Resume: Started out as a financial analyst at TCF Bank in Minneapolis, and then worked on an IPO for Capella Education Company, also in Minneapolis. Three years into his career, he got the opportunity to work as the controller at The Onion, where, he said, “actually [my] friend’s dad was the CEO, which is a great way to get into any company; it’s who you know, right?” In January 2007, he was promoted to chief financial officer; and then in July 2008 became the chief operating officer, overseeing all the sales and product and technology. Last year, he became president of Onion, Inc., managing all functions of the business.
Birthday: January 7, 1980
Hometown: Waukesha, Wisconsin
Education: University of St. Thomas in Minnesota
Marital status: Married with twin boys
Media mentor: Steve Hannah, CEO of Onion, Inc.
Best career advice received: Don’t be afraid to fail. And don’t be afraid of critics.
Last book read: The Circle by Dave Eggers
Twitter handle: @McAvoy_TheOnion
Guilty Pleasure: “Outside of drinking — no, I’m kidding. I like to play sports. I like to be active. But that maybe isn’t as guilty as drinking. Drinking and playing sports?”

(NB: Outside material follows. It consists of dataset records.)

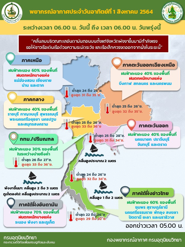 วันที่ 1 ส.ค.64 กรมอุตุนิยมวิทยา พยากรณ์อากาศ 24 ชั่วโมงข้างหน้า มรสุมตะวันตกเฉียงใต้ที่พัดปกคลุมทะเลอันดามัน ประเทศไทย และอ่าวไทย ยังคงมีกำลังค่อนข้างแรง ประกอบกับมีหย่อมความกดอากาศต่ำ ปกคลุมบริเวณประเทศเวียดนามตอนบน ลักษณะเช่นนี้ทำให้ภาคเหนือ ภาคตะวันออกเฉียงเหนือ และภาคใต้ฝั่งตะวันตก มีฝนตกหนักบางแห่ง ขอให้ประชาชนบริเวณดังกล่าว ระวังอันตรายจากฝนตกหนักและฝนที่ตกสะสม ซึ่งอาจทำให้เกิดน้ำท่วมฉับพลัน และน้ำป่าไหลหลากได้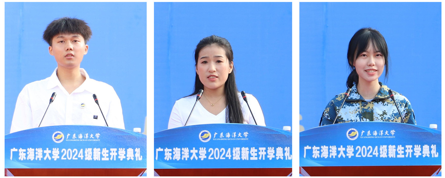 在校生代表(左一)、研究生新生代表(中)、本科生新生代表(右一)发言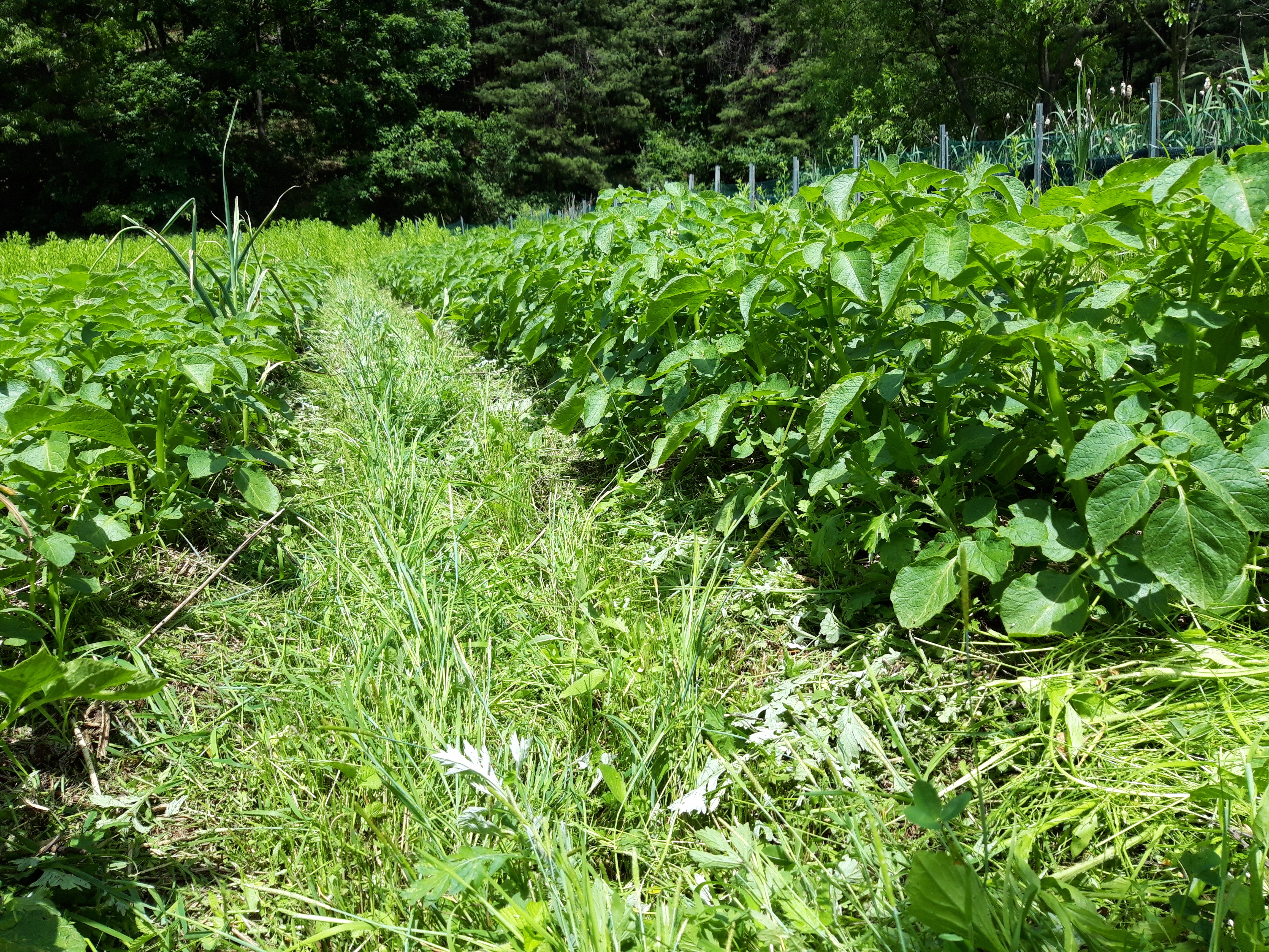 고구마는 건조한 것을 좋아하지만 심고나서 한달간은 습윤한 상태가 좋습니다. 그래서 정식할 때 두둑 양옆에 풀을 남기고 심습니다.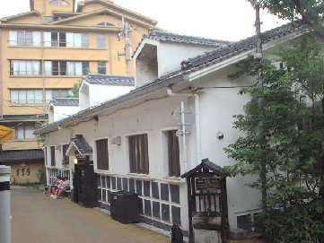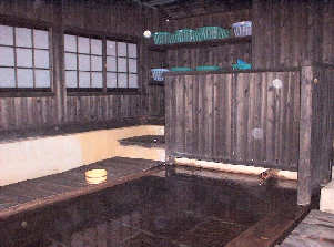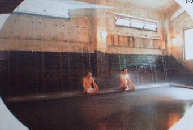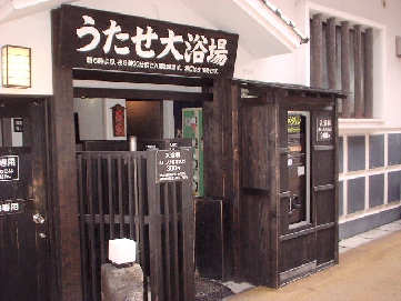 筋湯の共同湯の中でも有名なのがうたせ大浴場です。男女別の広い浴槽の奥には3m位の高さから落ちる打たせ湯がそれぞれ18本並んでいます。面白いのは入場料(\300)を入口の自動販売機で買ったメダルを入れて回転するドアを押して入る仕組みになっているところです。

It must be pretty fun working at The Onion. How would you describe the culture, especially having been there so long?
I think what’s great about The Onion is everyone here cares about the content; they care about the products, so you have this united front in that everyone wants to see The Onion flourish.

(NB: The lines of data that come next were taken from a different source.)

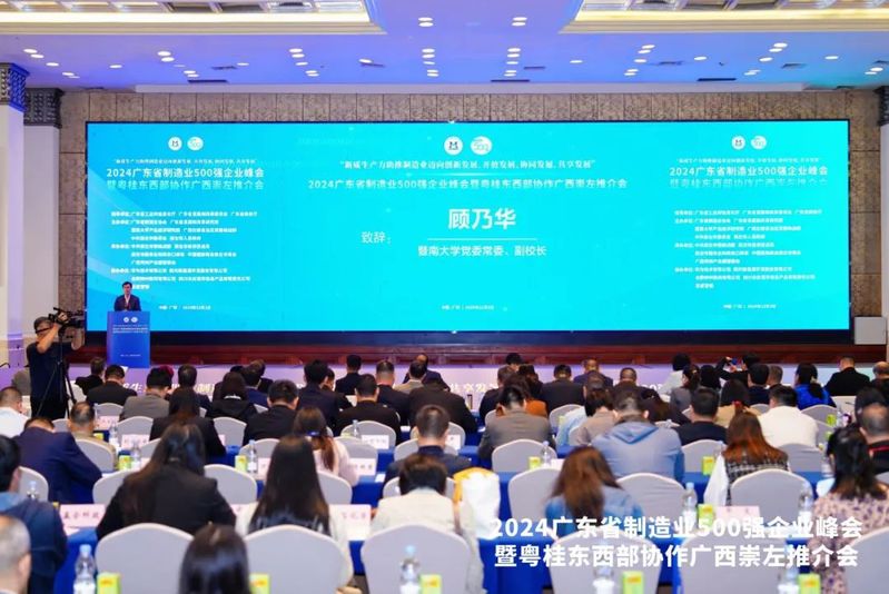 本次会议由广东省制造业协会、广东省发展和改革研究院、暨南大学产业经济研究院联合广西壮族自治区党委统战部、中共崇左市委员会、崇左市人民政府主办,峰会以“新质生产力助推制造业迈向创新发展、开放发展、协同发展、共享发展”为主题,贯彻落实国家战略部署,推动粤桂东西部协作交流,搭建广东制造业500强企业与广西崇左产业对接交流平台,围绕我省制造业企业寻求多元化发展之路,畅谈企业在政策支持、产业转型升级、投资结构优化、市场开拓等经验担当,推动广东制造大省迈向制造强省。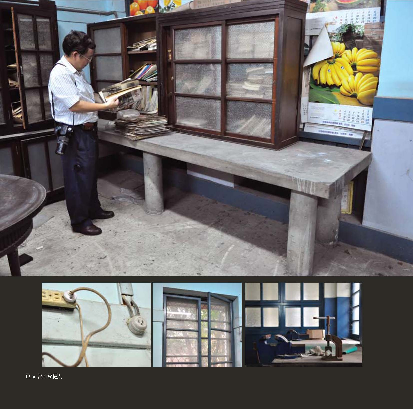 因應機械系舊館的拆除與新館的擘建,我們特別企劃了「典藏系館風華」單元,以不同的角度拍攝舊機,希望能為機械系留下最精彩的系館倩影;在鐘添東老師、周賢福老師與蘇培珍老師的陪同解說下,攝影努力捕捉即將塵封的迴廊梯間、屏風、石桌、管線…的風采,希望這些珍貴的照片能為大家珍藏美好的回憶。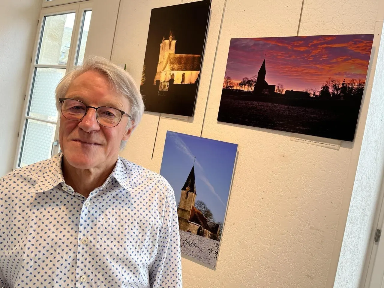 L’un des exposants, le photographe Jean-Pierre Herman, devant quelques-unes de ses photos. © Archive Ouest-France

And in terms of the culture itself, everyone works really hard. It’s a very dedicated group. Everyone’s really smart, and they have to be in order to get the joke. That’s one of the nice things about creating smart content is you attract smart people.
And it’s highly collaborative. You know, it’s a culture that was built on collaboration. There [are] no bylines for the content that we create, and that history of The Onion creative process has really been translated to the rest of the business culture and the product culture, where it’s very team-oriented.

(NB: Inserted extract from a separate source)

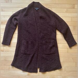 elegant brown/rust/deep burgundy (varies with light) cardigan by Eileen Fisher.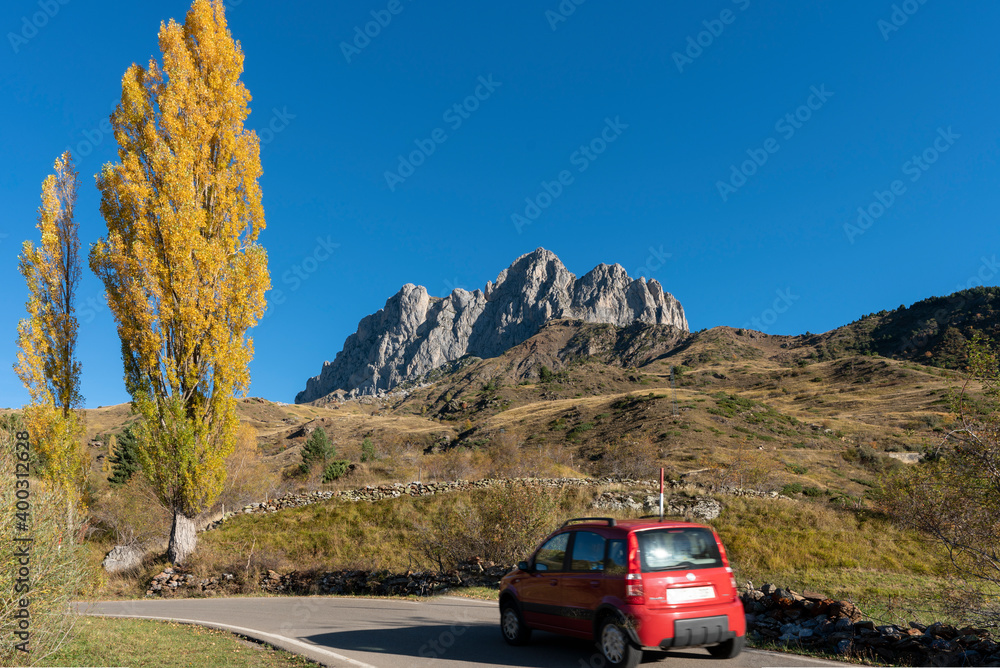 Red car running in small road with yellow poplar tree and mountain peak background in Spain

Like so many other publications, The Onion has moved away from its roots in print. How has the company adapted to digital?
So I think The Onion, maybe like many of our peers who were in the print business, we knew that at some point the days of print were numbered, and we were able to focus on transitioning out of print.
In 2009, we developed a franchise licensing program, where we converted our print market to really just syndication deals, or licensing deals, as a way for us to get out of the print business and focus exclusively on digital, including video.
So in 2007, we launched The Onion News Network. In 1996, we actually went online, and we always knew that the way to grow the business was through digital, and by getting out of print, it allowed us to focus 100 percent on it, which has allowed us to pursue other ventures and create Onion Labs.
Great segue. How did the idea for Onion Labs come about and how did you land Microsoft as one of your first clients?
The idea of Onion Labs, or really creating content for brands, started years ago. We’ve always gotten requests from Fortune 500 brands to create content for them as part of media buys. And in the case of Microsoft, we were at the same media agency, using the same contacts that we call on to sell media placements.
We treated [that campaign] the same way we treated everything that we do on TheOnion.com. We went through a process of creating a ton of ideas that Microsoft poured through and ended up picking the one that worked the best for them.
So it became our pitch really as a business [to] evolve with the whole native-advertising movement, as well as advertisers’ decision to change how they tried to reach millennials. The more they realized they need to create custom content or have content created by people who are masters at reaching that audience, the more opportunity we had for Onion Labs. And hence, we officially began Labs in 2012.
Is the tone of the content you create for brands always “Onion”-like on some level?
It really depends on what someone’s trying to buy. Sometimes the creative direction from the advertisers [or] the goals are much more to create something entertaining than it is to create something satirical. It’s really a mix of whatever the initiative is.
Do you have a separate creative team devoted to sponsored content?
What we do, which I think is unique for many publishers, is we use the same writing talent that we have for our company, for all our brands running in the A.V. Club, to produce The Onion Labs content. And so the idea process starts with the same writers and the same team that creates the hit videos for The Onion News Network.
So in terms of total writing talent for the company, I think we have 20 or so writers, 25 A.V. Club writers who are on staff, and so it’s a mix of those writers who work on these types of projects, as well as we have ideas from various contributors and freelancers who also help out.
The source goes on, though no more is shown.